With the switch comes a change from Hendrick power to Roush Yates engines. Roush Yates powers Fords, including those of title contender Team Penske. It would appear to be a lateral move in the engine department. Where the team will benefit is from added support from the manufacturer. They’ll have whatever they need, and Ford’s research and development facility in Concord, N.C., provides them with plenty to draw from, including a top-of-the-line simulator that other Ford drivers have used to their benefit. If Busch and his teammates don’t excel every step of the way, it won’t be due to lack of help from Ford.


One of the reasons for Busch’s renewed strength is crew chief Tony Gibson. Gibson joined Busch at the tail end of 2014. He wasn’t meshing with Patrick, and Busch and Daniel Knost weren’t clicking either. Busch and Gibson work well together; both are veterans who know how to make a car go fast, and Gibson deals with the volatile Busch well, and that’s important. When things aren’t going well for Busch, communication breaks down, and the resulting berating of his crew on the radio doesn’t help anyone. 

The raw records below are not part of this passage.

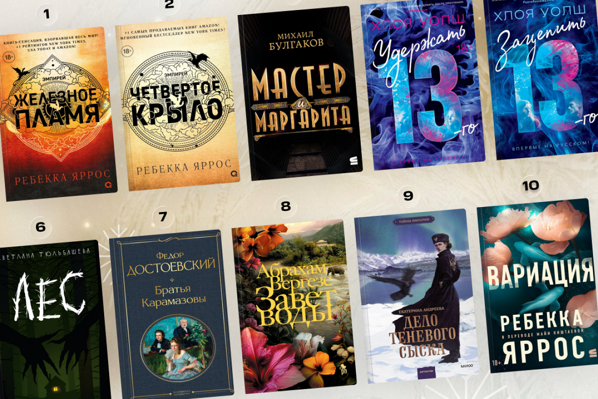 «Удержать 13-го» и «Зацепить 13-го» Хлои Уолш ― на четвертом и пятом местах. В топ-10 также вошли: «Лес» Светланы Тюльбашевой, «Братья Карамазовы» Федора Достоевского, «Завет воды» Абрахама Вергезе, «Дело теневого сыска» Екатерины Андреевой и «Вариация» Ребекки Яррос.
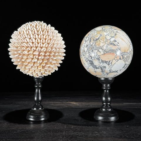 Koriste-esine (2) - Wonderful Pair of Shell Ball & Yellow Maligano Jasper on
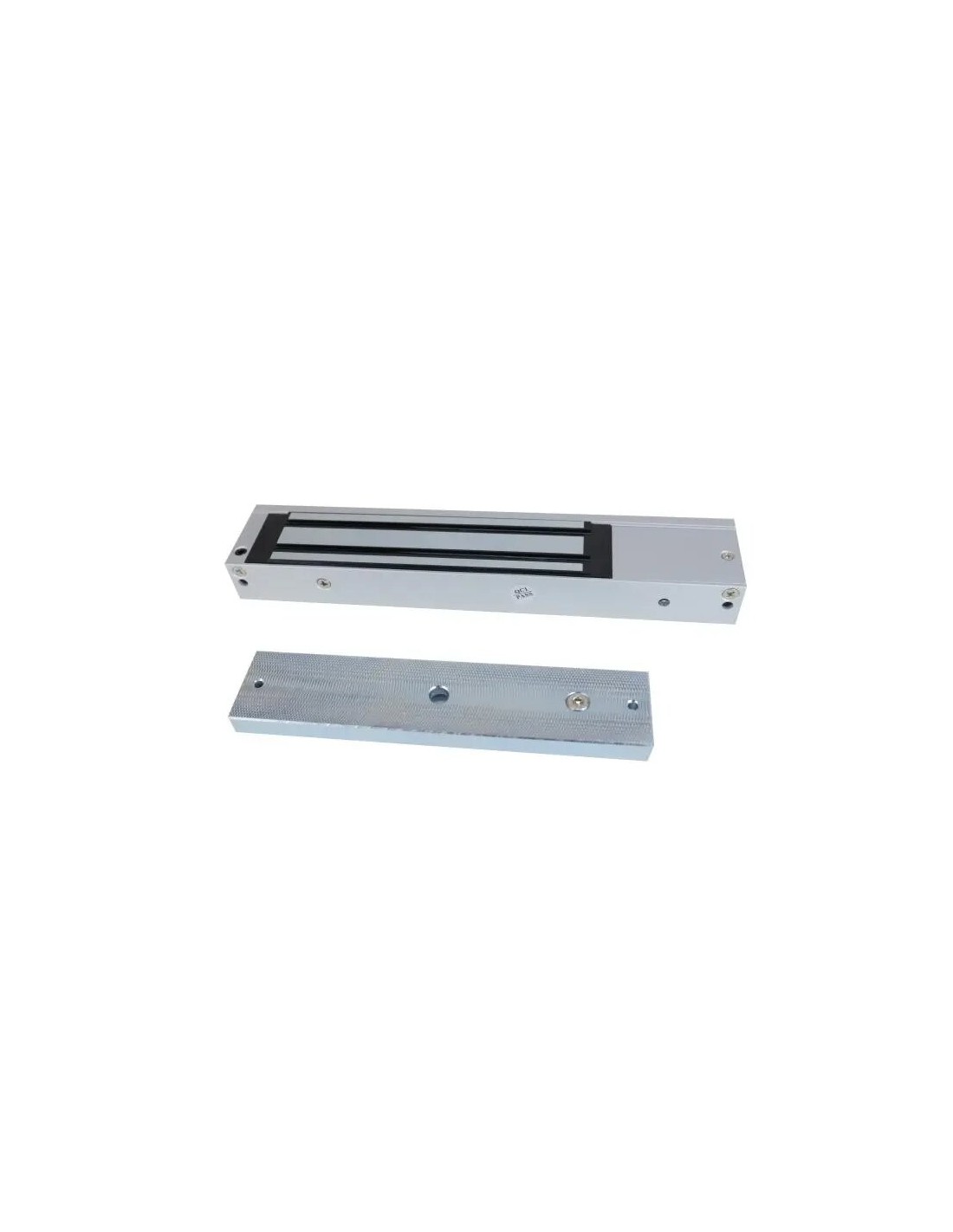 Fechadura magnética para todo o tipo de portas | Força máxima da fechadura: 272 kg | Magnetismo anti-residual. Fonte de alimentação 12 V CC ou 24 V CC | Estrutura em alumínio anodizado. Resistente à abrasão | Dimensões: corpo 250×28×48 mm. Placa 180×38×12 mm. Peso: 1,9 kg | Método de desbloqueio: interrupção da corrente
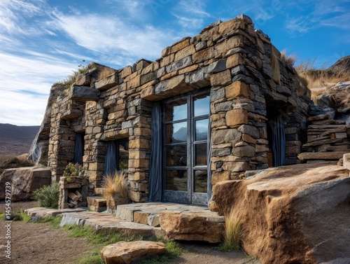 Stone House: A rustic retreat with natural materials and design, blending seamlessly into the rocky landscape under a partly cloudy sky.
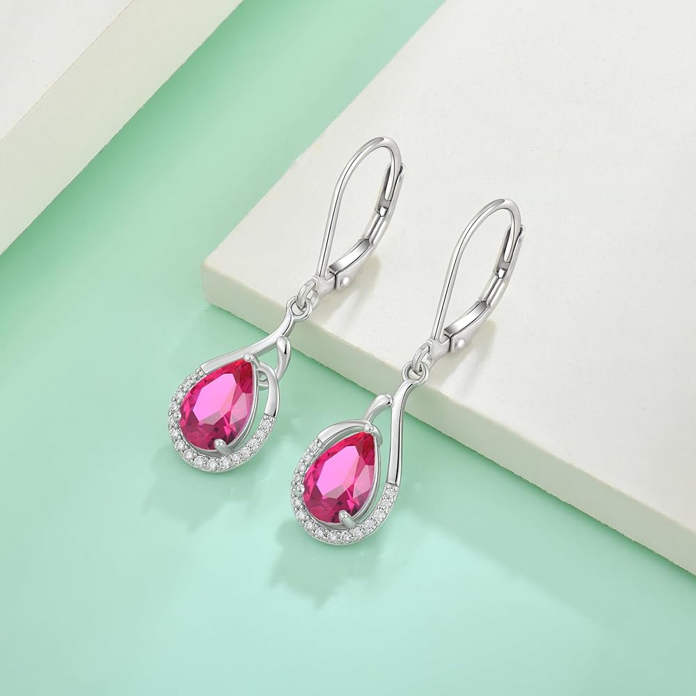 Material: The teardrop leverback earrings are sterling silver inlaid with created green opal and cubic zirconia. They are bright polished with rhodium plating, can be worn longer, and brighter
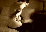 Menstruation symptom concept, Close-up woman touching her belly and feeling stomach pain from cycle period on the bed at home.
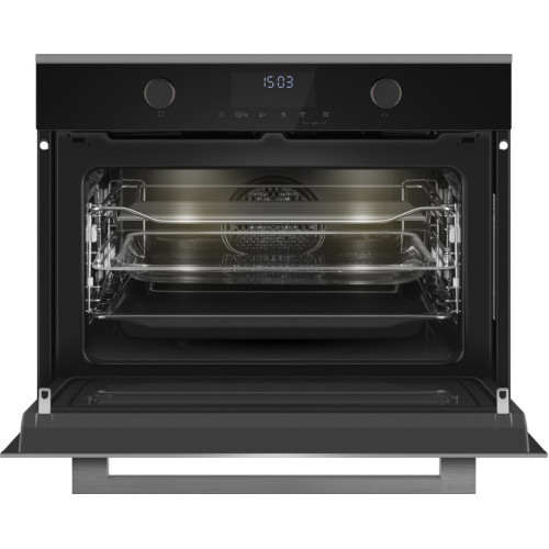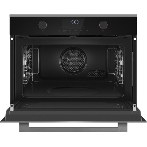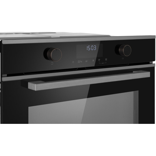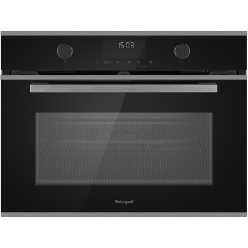 Компактный духовой шкаф с функцией СВЧ от Weissgauff, выполненный в сочетании черного закаленного стекла и черной нержавеющей стали Dusk Inox - это функционал сразу двух полноценных устройств, воплощённый в одной модели, оснащенной четырьмя стеклами в дверце и расширенной комплектацией! Встраиваемый компактный духовой шкаф с микроволнами , который сочетает в себе сразу два полноценных устройства: духовой шкаф с конвекцией и грилем, а также микроволновую печь с отдельными набором настроек и возможностью использования комбинированного режима. Дизайн Dusk Inox — это больше, чем просто внешний облик модели. Насыщенный темный цвет, воплощенный в благородстве сатинированной стали, подчеркнёт всю премиальность данного устройства и безупречность вашего вкуса! Объем 50 литров дает вам полную уверенность в том, что несмотря на компактные размеры этого духового шкафа, вы сможете разместить в нем сразу весь необходимый объем пищи, порадовав себя и своих близких изысканными блюдами, приготовленными в духовом шкафу Weissgauff на действительно ресторанном уровне. 12 удобных режимов, которыми вы действительно будете пользоваться: Конвекция, Турбогриль + конвекция, Конвекция + нижний нагрев, Турбогриль, Верхний + нижний нагрев, Верхний нагрев + нижний нагрев + конвекция, Гриль, Нижний нагрев, СВЧ + конвекция, СВЧ + турбогриль + конвекция, СВЧ + конвекция + нижний нагрев, Размораживание. 13 программ авто-меню для СВЧ, включающих в себя режимы для овощей, гарниров, выпечки и многого другого! Кольцевой нагревательный элемент, для равномерного 3D-нагрева, обеспечит по-настоящему качественное и эффективное запекание приготавливаемого блюда благодаря более эффективному распределению тепла в камере духового шкафа. Удобный сенсорный дисплей с крупной индикацией - это настоящая гордость Weissgauff, ведь он не только является интуитивно понятным, но и великолепно реагирует на прикосновения с первого нажатия даже в том случае, если руки влажные или прохладные Технологичные поворотные переключатели Soft Switch - дают уверенность в надёжности и настоящем немецком качестве духового шкафа, ведь вы будете ощущать плавность и точность движений в каждом повороте рукоятки. Блокировка от детей - эффективная защита от незапланированной активации устройства, например, в результате случайного нажатия во время уборки или попытки включения прибора детьми. * Четырехслойное стекло дверцы, воплощающее в себе весь подход к безопасности и термозащите, который Weissgauff реализовали в данной модели. Теперь случайные прикосновения к дверце духового шкафа во время процесса приготовления еды больше будут не страшны, ведь мы позаботились о том, чтобы фронтальная сторона духового шкафа никогда не нагревалась до опасных температур. * Эмаль SMART CLEAN - это особое покрытие духового шкафа, призванное сделать процесс ухода за ним еще более простым и удобным. Благодаря эмали, изготовленной и нанесенной с применением сразу ряда инновационных технологий, ваш духовой шкаф будет оснащен самым настоящим высокоэффективным щитом, препятствующим накоплению жира, запаха и загрязнений, образующихся вследствие многократного приготовления еды. * Комплектация ECO PREMIUM PLUS - включает в себя эмалированный противень для выпечки, решетку для гриля и стеклянный противень!
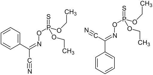 Keywords: Phoxim Structural FormulaeV.1.svg en E Z -Phoxim_Structural_Formulae de E Z -Phoxim_Strukturformel own Jü 2011-10-26 Cc-zero Organothiophosphate insecticides Nitriles
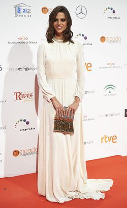La actriz Macarena Gómez posando sobre la alfombra roja de los Premios Forqué 2017 a su llegada a la entrega de los galardones
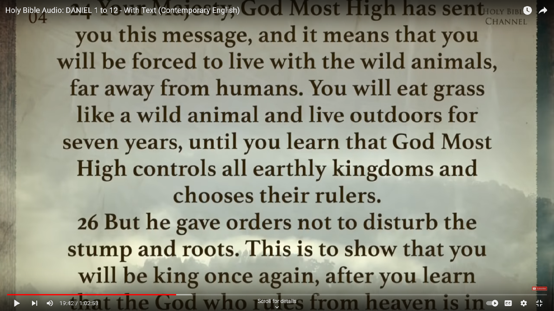 In this chapter we see Nebuchadnezzar proud in his position and achievements but God revealing through a dream, which again Daniel interpreted, that He needed to humble himself, or He will experience calamity. Daniel’s warning “Wherefore, O king, let my counsel be acceptable unto thee, and break off thy sins by righteousness, and thine iniquities by shewing mercy to the poor; if it may be a lengthening of thy tranquillity” (4:27) was ignored and 12 months later he heard the words “O king Nebuchadnezzar, to thee it is spoken; The kingdom is departed from thee. And they shall drive thee from men, and thy dwelling shall be with the beasts of the field: they shall make thee to eat grass as oxen, and seven times shall pass over thee, until thou know that the most High ruleth in the kingdom of men, and giveth it to whomsoever he will” (4:31,32) and so he lived for seven years. But there was a wonderful turnabout in fortunes as Nebuchadnezzar’s mind was restored to him as he recognised the one true God was YHWH who was to be honoured, with his kingdom being restored to him.
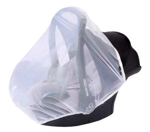 Moskitiera jest obszyta lamówką ze ściągaczem, dlatego dobrze dopasuje się do większości wózków oraz fotelików samochodowych.
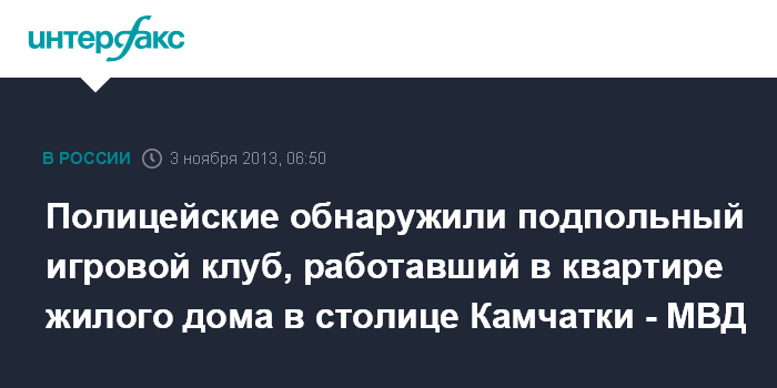 Петропавловск-Камчатский. 3 ноября. ИНТЕРФАКС - ДАЛЬНИЙ ВОСТОК - Полицейские закрыли подпольный игровой клуб в Петропавловске-Камчатском, сообщает в воскресенье пресс-служба УМВД по Камчатскому краю.
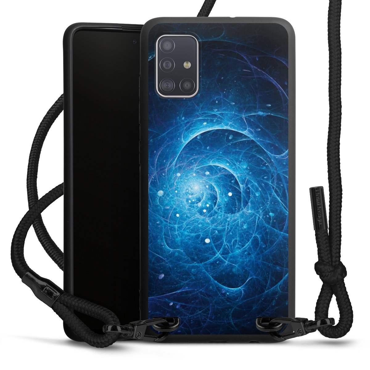 The matt black silicone case is made of flexible TPU (thermoplastic polyurethane) and offers robust protection. The durable, unbreakable material makes the cover flexible and dimensionally stable at the same time. The matte surface makes your design stand out more and is less susceptible to fingerprints and dirt. The stylish trend accessory fits comfortably in the hand and is perfectly complemented by the fabric (polyester) mobile phone strap. The braided fabric strap is approx. 1.70 metres long with a diameter of approx. 0.5 cm. Due to the special knotting technique, the length of the strap can be adjusted by simply pulling it, so that you can adapt it individually to your wishes. The practical case to wear around your neck is available with the fabric strap in black. As a little icing on the cake, we have provided the strap with a chic metal fastener in matt black. The strap is securely fastened to the case with loops made of high-quality genuine leather and press studs. The ends of the fabric strap are covered with metallic end caps and thus protected from fraying.
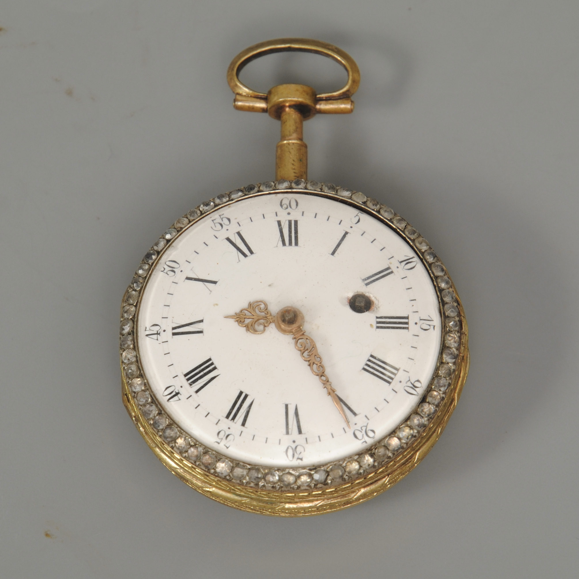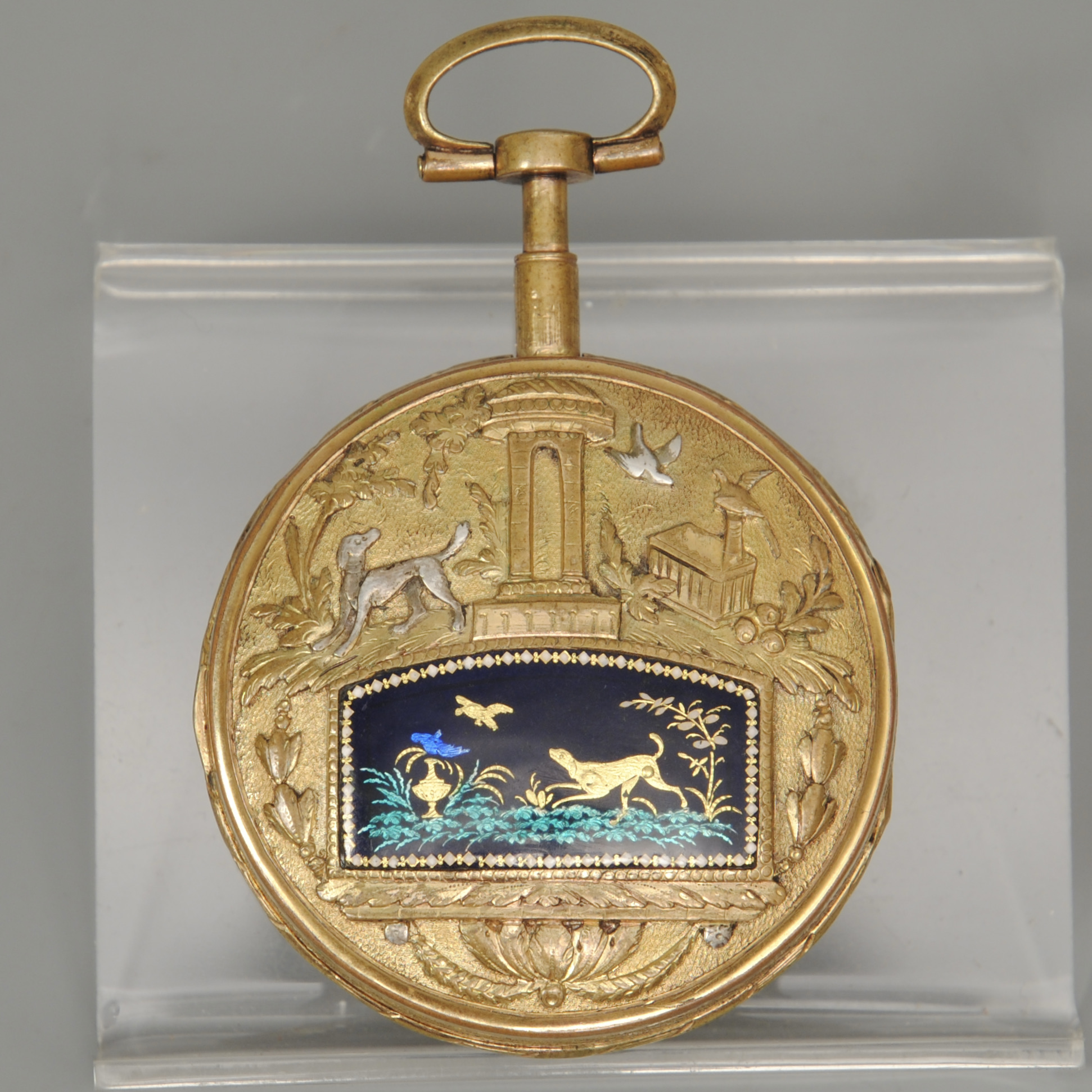 An early 19th century Palais Royal verge pocket watch in a gilt repousse case with a fine enamel hunting scene to the back.

Sponsor Monster Energy stepped up its commitment in the sport in a big way, taking over NASCAR's Premier Series sponsorship rights from Sprint, but it remains committed to Busch for now. Team co-owner Gene Haas will round out the schedule with his Haas Automation brand. One key fact to watch is Busch’s contract, expiring after this season. Will Monster resign with a 39-year-old or look to go younger, forcing SHR’s hand on the veteran driver?


Busch looks to be a Chase factor on consistency again in 2017. He’s not likely to reel off several wins or run in the top 5 every week, but he’s a safe bet to make the playoffs, and he’s capable of going deep if he does. He’ll have to reinvent himself a bit to be a title contender, but he will make his competition work for it as well.